The Deseq2 package’s variance stabilizing transformation method was used to normalize the gene counts. The normalized endometrial and ovarian tissue-specific gene counts were used separately as input data for weighted gene co-expression network analysis (WGCNA) (version 1.71) package29 in R (v.4.0.5) for detection of co-expressed networks and hub-genes. In order to minimize the impact of noise on the correlation computation, at first step we filtered normalized gene counts and retained genes with gene counts above 10 in more than 90% of cows. In second step, we employed the “removeBatchEffect” function from the limma package (version 3.50) to eliminate batch variations amongst datasets. Then, we investigated missing value and outlier sample using the “goodSamplesGenes” and “hclust” options, respectively. Furthermore, based on the scale-free topology index (R2) and mean connectivity for the ovarian and endometrial samples, power equals 10 and 7 were estimated as appropriate amounts, respectively. Thereafter, the “pickSoftThreshold” option was used to calculate the adjacency matrix. An adjacency matrix can be computed based on the correlation coefficient between each pair of genes, allowing genes with only direct connectivity to form networks. Consequently, we computed the Topological Overlap Matrix (TOM) and dissimilarity matrix (1-TOM) in order to add indirect connectivity genes to the weighted network. We used the dynamic tree cut (DTC) algorithm to cluster the genes using the dissimilarity matrix. Ultimately, gene co-expression modules were created using a hybrid approach, a cut height of 0.975, a minimum module size of 30 genes, and a DeepSplit of 2. Following the acquisition of the gene co-expression modules, we used the “moduleEigengenes” function to determine the eigengenes for each module. The outputs obtained up to this point could eventually yield the following outputs: (a) identification of the modules that exhibit a significant correlation with the fertility trait in cow, (b) relationships among the modules, and (c) hub genes in each module. It is noteworthy that each module’s hub genes were identified using two different statistical techniques: “chooseOneHubInEachModule”, and “chooseTopHubInEachModule” functions.
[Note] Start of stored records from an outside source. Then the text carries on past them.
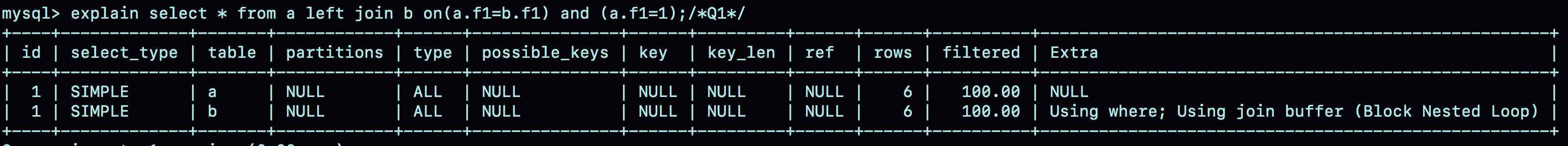 Q1 结果符合预期:驱动表是表 a,被驱动表是表 b。由于表 b 的 f1 字段上没有索引,所以使用的是 Block Nexted Loop Join(简称BNL) 算法。由此,这条语句的执行流程如下:
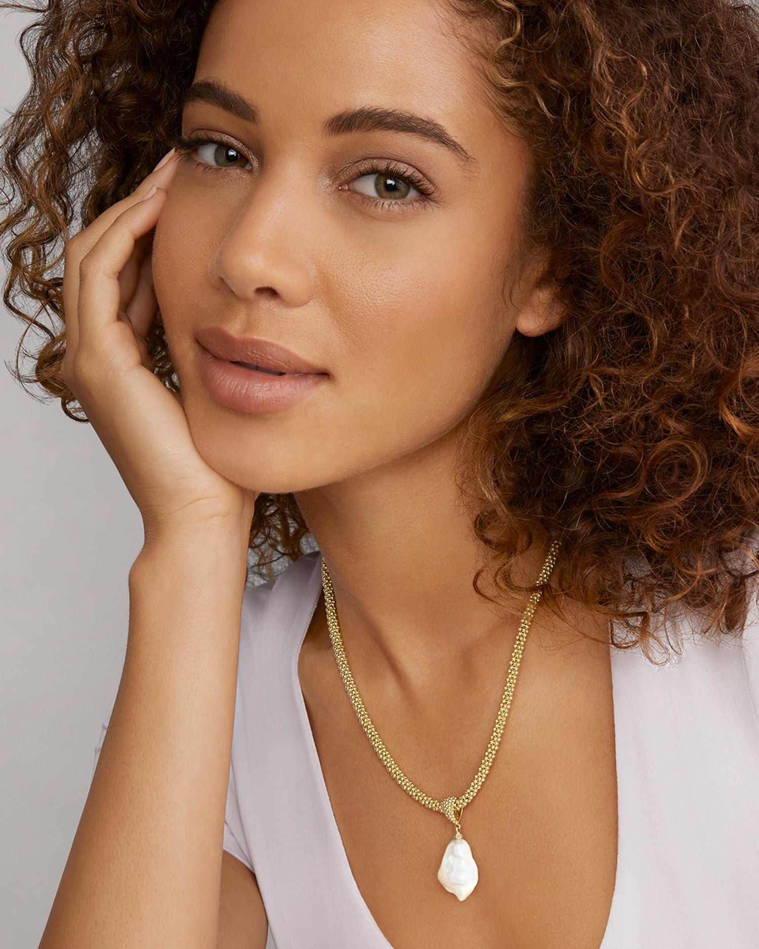 18K Yellow Gold Luna Cultured Freshwater Baroque Pearl Caviar Bead Pendant
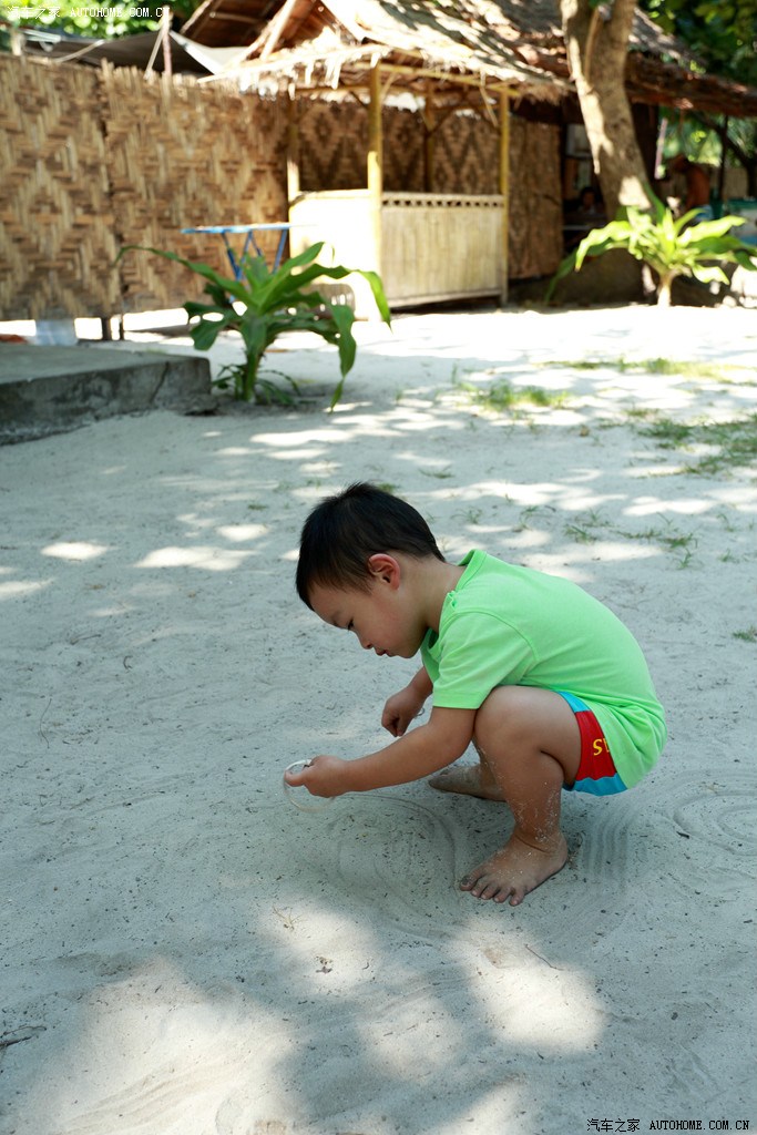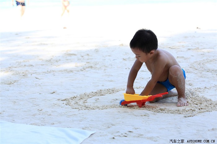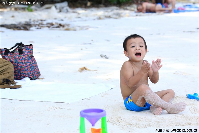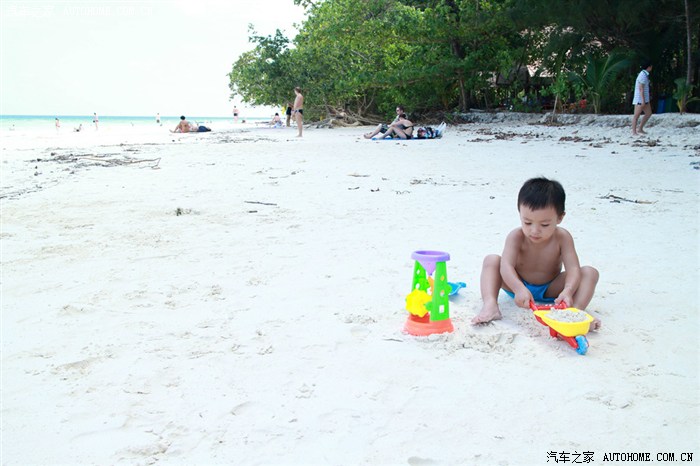 饭后还有时间让我们再沙滩上休息,他们提供毛巾擦干身子,也可以铺在沙滩上当床,我小睡一会。看着孩子在玩沙子的玩具,那也是旅行团提供的。偶尔可以到水里游,还能在沙滩拍美照,老婆为了能穿好比基尼,可是下了苦功的哦!
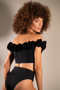 Le maillot de bain 2 pièces noir Bégonia de MAIÔ Paris se distingue par son élégance couture et ses fleurs délicatement façonnées, qui apportent une dimension sculpturale à ce maillot de bain à fleurs unique. Son haut orné de pétales noirs crée une silhouette féminine et affirmée, parfaite pour sublimer le buste avec sophistication.
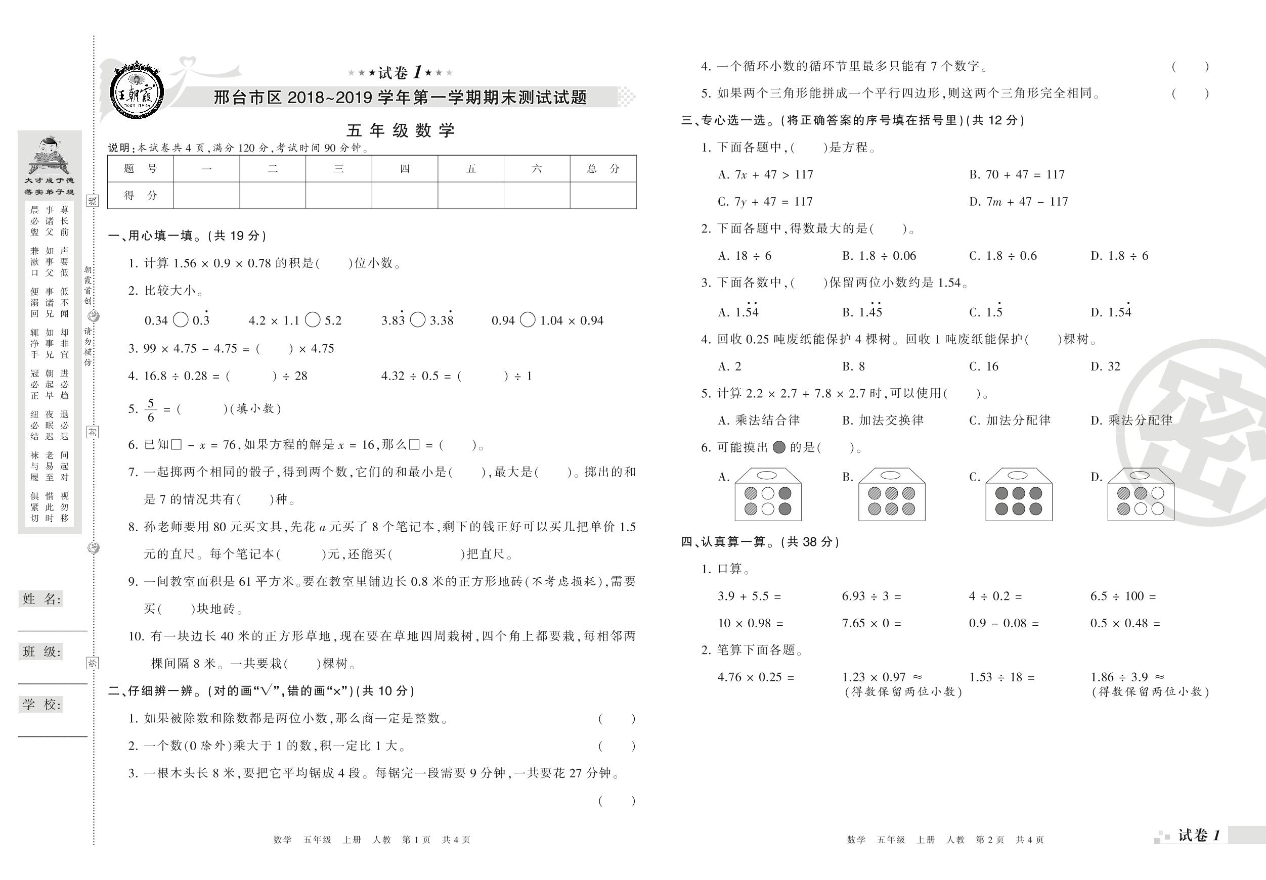 2018-2019学年第一学期邢台市区五年级数学试卷(人教版)【1】

Functional enrichment analysis of potential candidate genes

The STRING database (https://string-db.org/) was used for the purpose of creating the PPI network and identifying the hub-genes by meta genes. Following this, we obtained common significant genes between the TWAS results of the HCR, the DPR, and the CCR, as well as hub genes, modules and meta-genes of the ovary and endometrium tissues via (https://bioinformatics.psb.ugent.be/webtools/Venn/). Furthermore, we employed the ClueGO plugin within Cytoscape software (version 3.7.2) to conduct enrichment analyses based on the KEGG pathway and Gene Ontology (GO) to interpret the meta genes and common significant genes between the TWAS results, hub genes, modules, and meta-genes individually. Only pathways with p-values below 0.05, following Bonferroni step-down correction, were considered significantly enriched.

Results

Correlations amongst tissues based on TWAS summary results

An analysis of tissue correlations for each trait (CCR, DPR, and HCR) revealed no negative correlation based on the Z score of TWAS results. The TWAS summary for the CCR trait indicated a highly significant positive correlation involving the uterus and 14 tissues. Moreover, the DPR results from TWAS demonstrated significant correlations between the liver and lung, which were associated with 12 and 11 tissues, respectively. Additionally, the TWAS findings for HCR identified significant positive correlations between muscle and 14 tissues. A detailed overview of these results is presented in Fig. 1.

Fig. 1
figure 1

The correlation plot derived from the three traits’ TWAS summary results between 23 tissues. The traits associated with cow conception rate, daughter pregnancy rate, and heifer conception rate are represented by Plots A, B, and C, respectively.

TWAS and GWAS results to identify candidate genes

Based on TWAS and GWAS results, candidate genes for each trait (CCR, DPR, and HCR) were introduced separately. The potential genes for each trait in different tissues, as determined by TWAS, can be found in Supplementary File 1. Additionally, certain candidate genes based on TWAS summary results are shared across multiple tissues with a p-value less than 0.01, and these are summarized in Fig. 2 for each trait to facilitate understanding. Supplementary File 2 contains candidate genes identified through GWAS results. Furthermore, the analysis of both TWAS and GWAS data revealed common potential genes related to each trait, such as AFF1 and ZNF613 for HCR, UMPS for DPR, and UMPS and ZNF613 for CCR trait.

Fig. 2
figure 2

Discovery of shared genes across tissues for cow conception rate, daughter pregnancy rate, and heifer conception rate using TWAS summary results with a p-value below 0.01.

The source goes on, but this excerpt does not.